Separatist leader Mohammad Yasin Malik on Tuesday pleaded guilty to all the charges, including those under the stringent Unlawful Activities Prevention Act (UAPA), before a Delhi court in a case related to alleged terrorism and secessionist activities that disturbed the Kashmir valley in 2017, court sources said.
They said Malik told the court that he was not contesting the charges levelled against him including section 16 (terrorist act), 17 (raising funds for terrorist acts), 18 (conspiracy to commit terrorist acts), and 20 (being member of a terrorist gang or organisation) of the UAPA and sections 120-B (criminal conspiracy) and 124-A (sedition) of the Indian Penal Code.
Special judge Praveen Singh, who had earlier held that it was ”prima facie” established that Malik and others were the direct recipients of terror funds, will hear on May 19 the arguments regarding the quantum of sentence for the offences levelled against the accused in which the maximum punishment is life imprisonment.
The court had also said Malik had set up an elaborate structure and mechanism across the world to raise funds for carrying out terrorist and other unlawful activities in Jammu and Kashmir in the name of the ”freedom struggle”.
Meanwhile, the court formally framed charges against Kashmiri separatist leaders including Farooq Ahmed Dar alias Bitta Karate, Shabbir Shah, Masarat Alam, Mohammed Yusuf Shah, Aftab Ahmad Shah, Altaf Ahmad Shah, Nayeem Khan, Mohammed Akbar Khanday, Raja Mehrajuddin Kalwal, Bashir Ahmad Bhat, Zahoor Ahmad Shah Watali, Shabir Ahmad Shah, Abdul Rashid Sheikh, and Naval Kishore Kapoor.
The charge sheet was also filed against Lashkar-e-Tayiba founder Hafiz Saeed and Hizbul Mujahideen chief Syed Salahuddin, who have been declared proclaimed offenders (PO) in the case.
The judge had earlier said that ”so far from the statements of witnesses, a pattern is emerging -- Pakistan or its agencies and accused share a common goal and there is an agreement on the means to be used for achieving that goal and for the terror funding is also being provided from Pakistan".

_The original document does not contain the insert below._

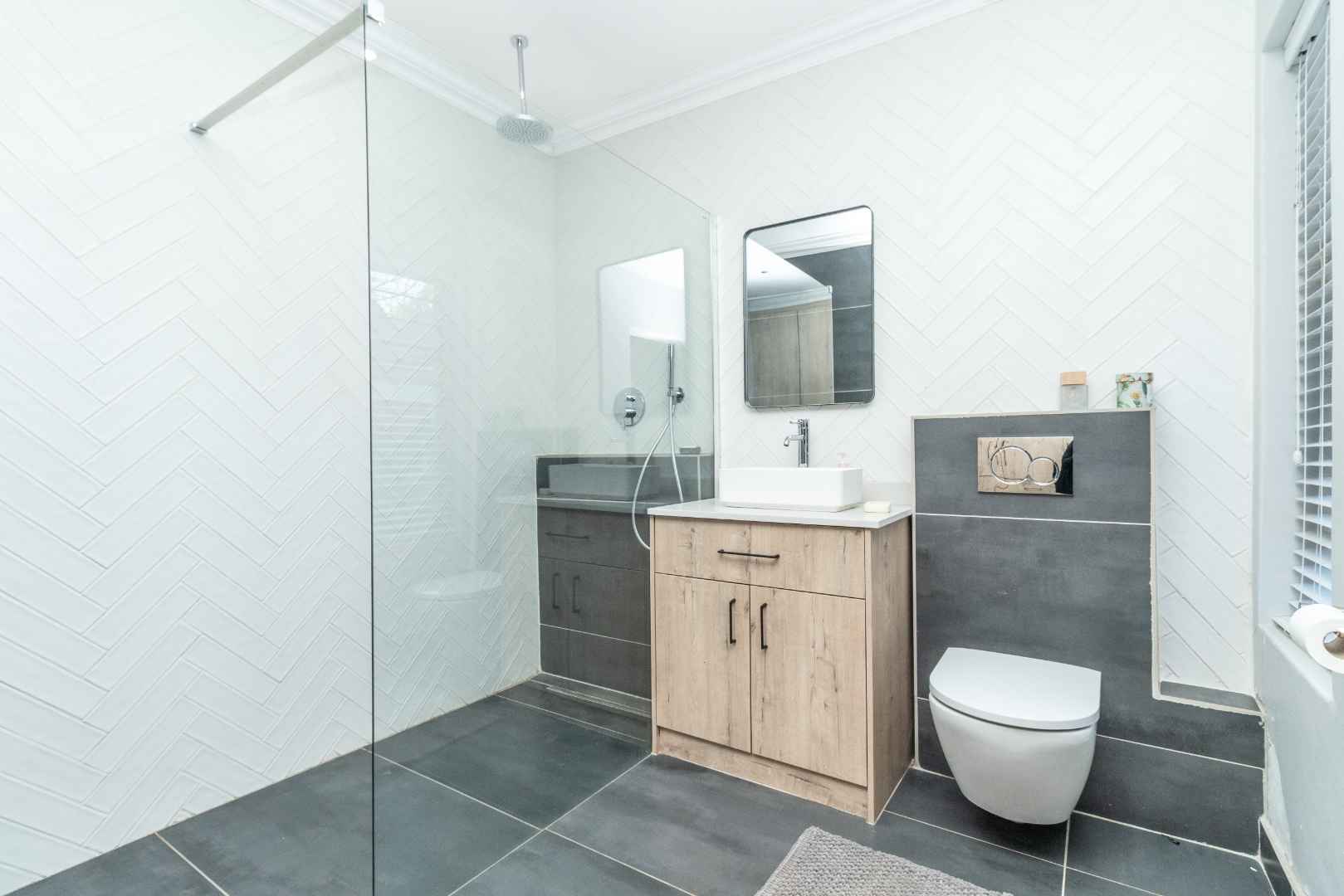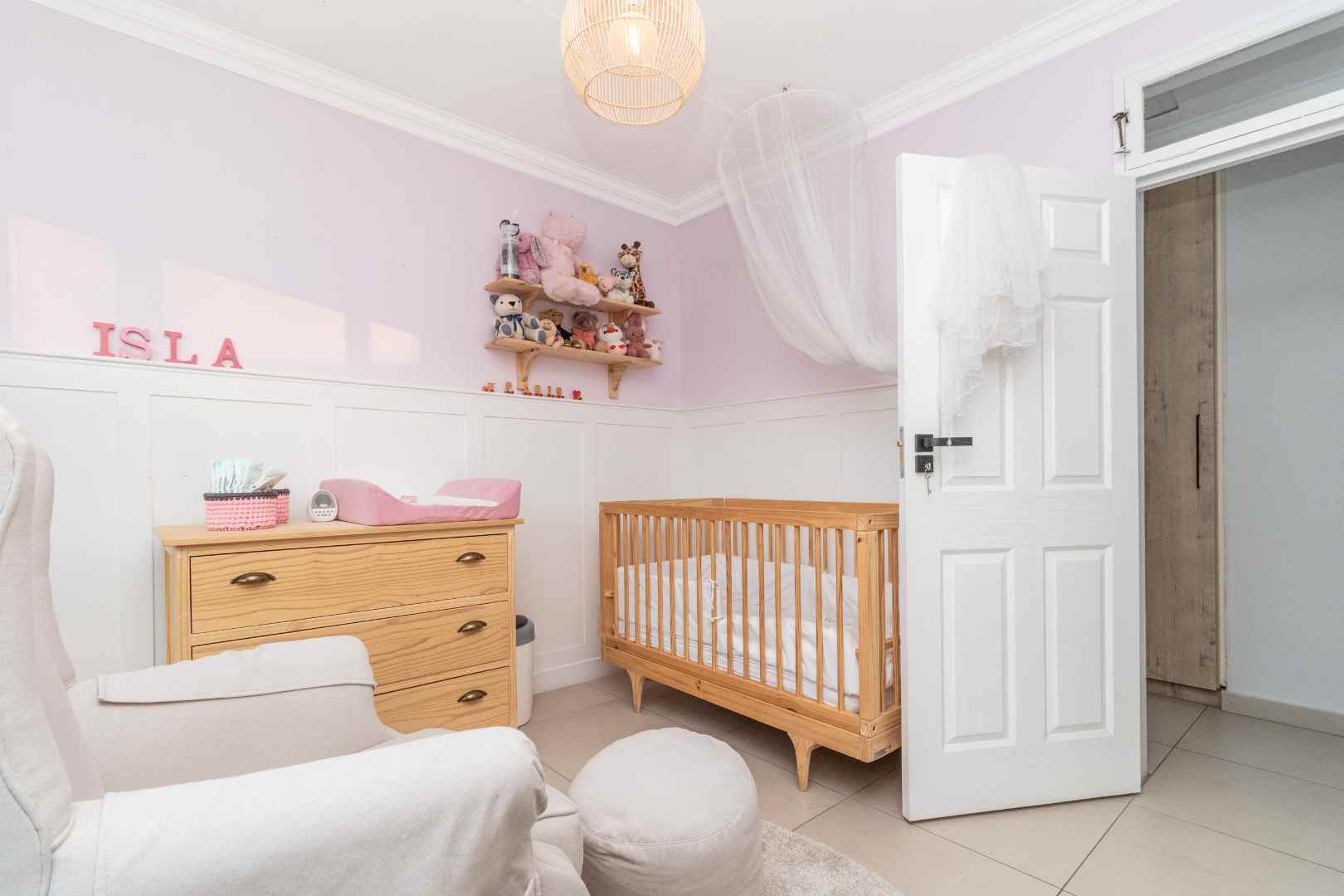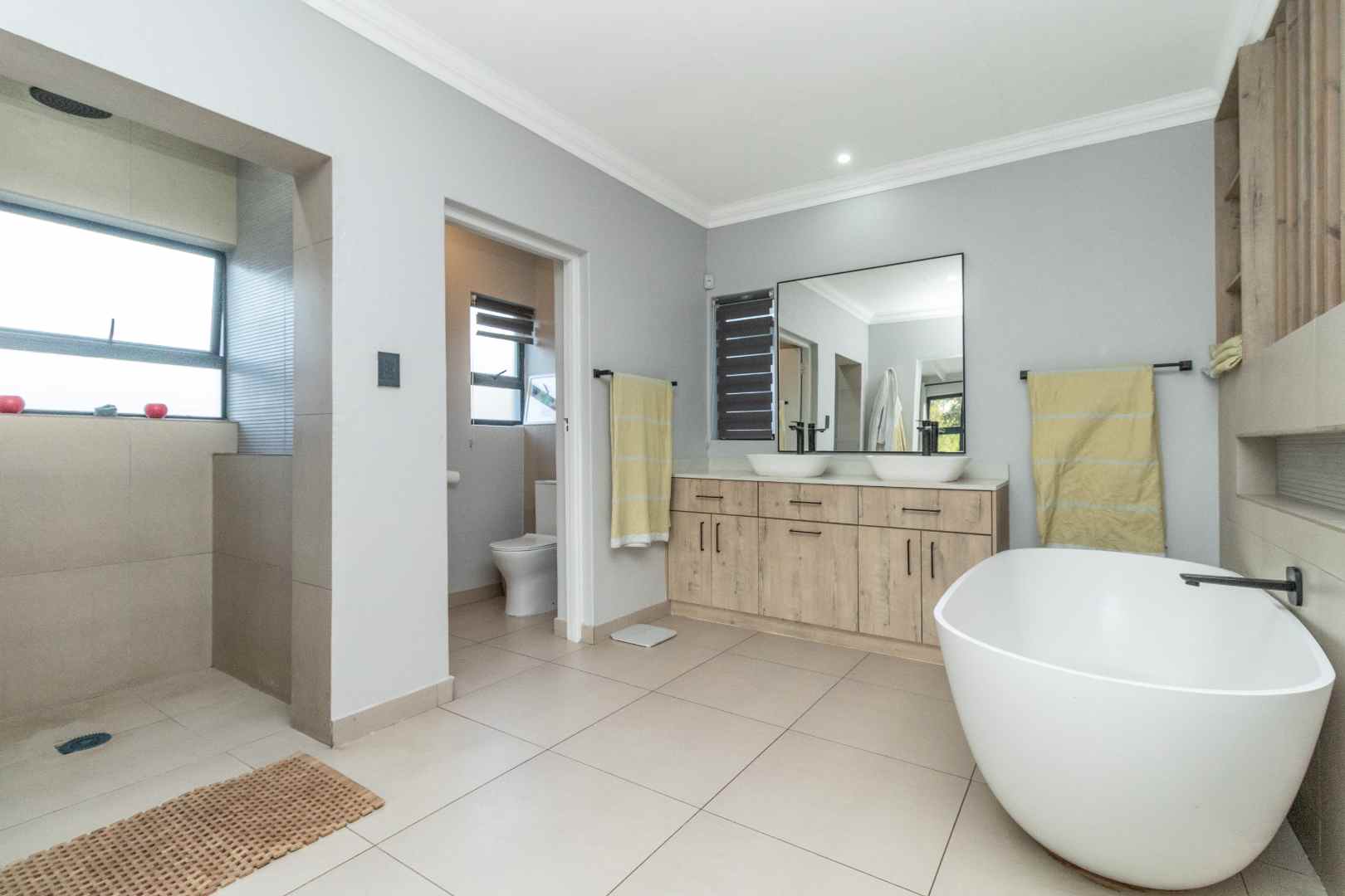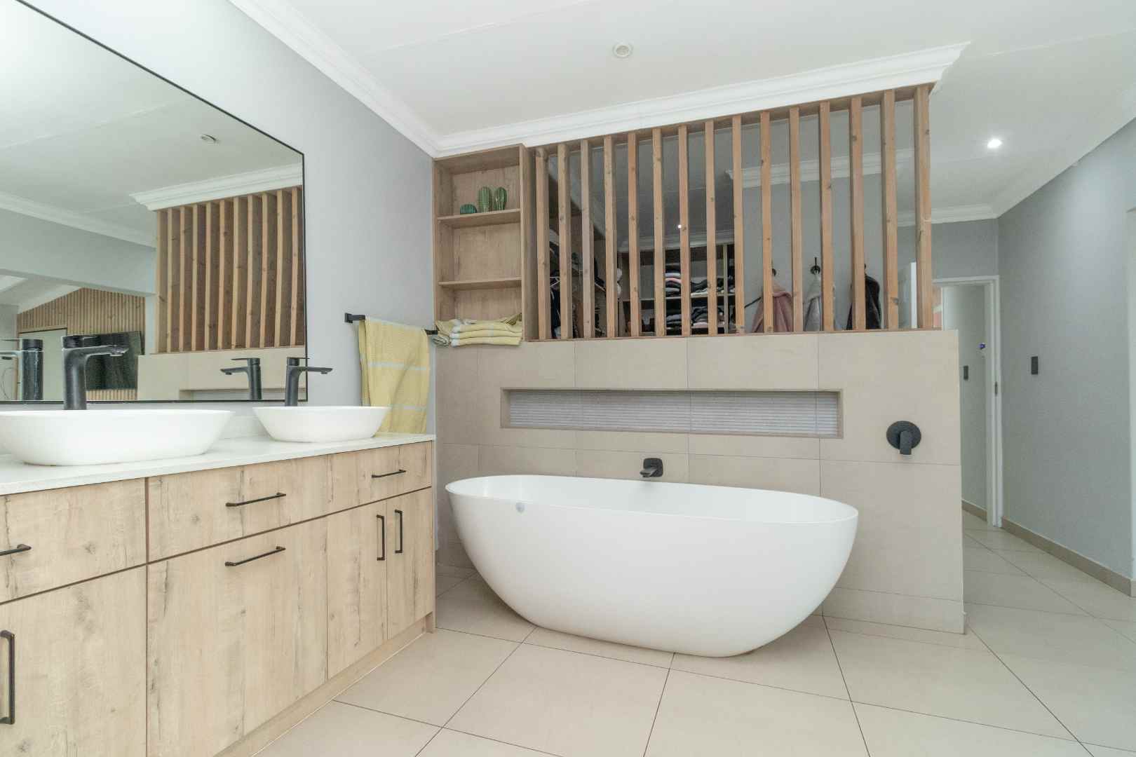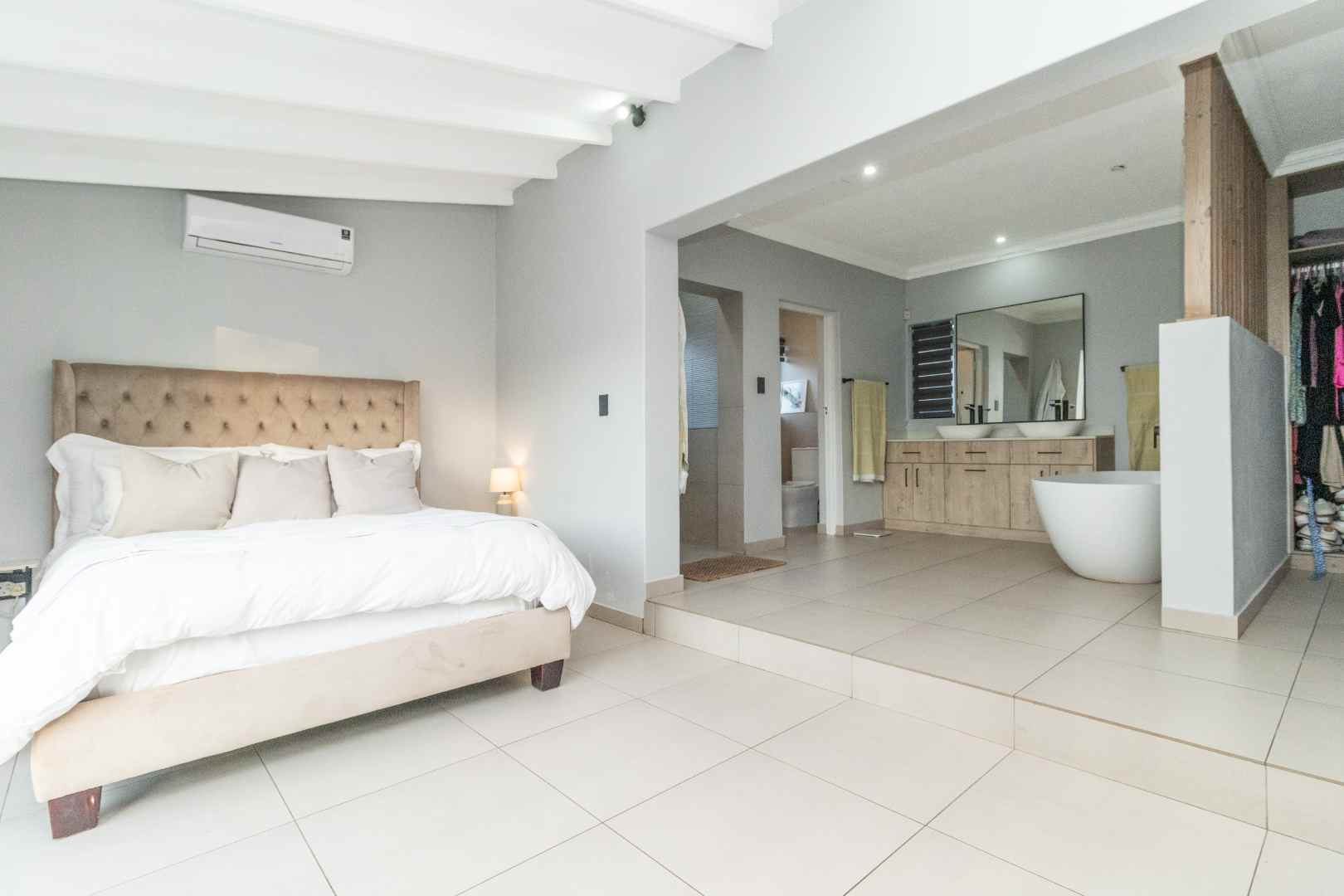 When you turn to the right from the front door you get the study and 4 Bedrooms. The main bedroom has an open plan en-suite bathroom. Bathroom has a bath and shower with separate space for large walk-in cupboards.

While ordering framing of charges in the case in March this year, the court had said in the conspiracy, ”The baton was held by conductors sitting across the border in the form of Pakistani agencies such as ISI and each of the conspirators, knowing every other conspirator, was playing his role as per the directions of the conductor in order to create a symphony of bloodshed, violence, mayhem, and destruction with the ultimate object of secession of J&K.”
It said the money for terror funding was sent from and by Pakistan and its agencies and even the diplomatic mission was used to fulfil the evil design. Money for terror funding was also sent by proclaimed international terrorists and accused Hafiz Saeed.
It said a criminal conspiracy was hatched with a final object of secession of Jammu and Kashmir from the Union of India and within that conspiracy, a conspiracy was hatched to commit certain acts to achieve the object of the original conspiracy, and those acts, as discussed above, have been found to be terrorist acts.
The court also noted that prima facie there existed a criminal conspiracy pursuant to which large-scale protests, resulting in violence and arson at a massive scale, were orchestrated.
It said that accused Zahoor Ahmad Shah Watali was one of the main conduits for the flow of this terror funding and accused Naval Kishore Kapoor had played an active part in facilitating it.
According to the NIA, various terrorist organisations such as Lashkar-e-Tayiba, Hizb-ul-Mujahideen, Jammu and Kashmir Liberation Front, Jaish-e-Mohammed, etc, with the support of the ISI of Pakistan, perpetrated violence in the valley by attacking civilians and security forces.
It was further alleged that in 1993, the All Parties Hurriyat Conference was formed to give a political front to secessionist activities.
The NIA charge sheet submitted before the court that the central government received credible information that Hafiz Muhammad Saeed of Jammat-ud-Dawah, and the secessionist and separatist leaders including the members of the Hurriyat Conference, have been acting in connivance with active militants of proscribed terrorist organisations like HM, LeT, etc, for raising, receiving and collecting funds domestically and abroad through various illegal channels including hawala.
The NIA also alleged that this was done for funding separatist and terrorist activities in Jammu and Kashmir and as such, they have entered into a larger conspiracy for causing disruption in the valley by way of pelting stones on security forces, systematically burning schools, damage to public property and waging war against India.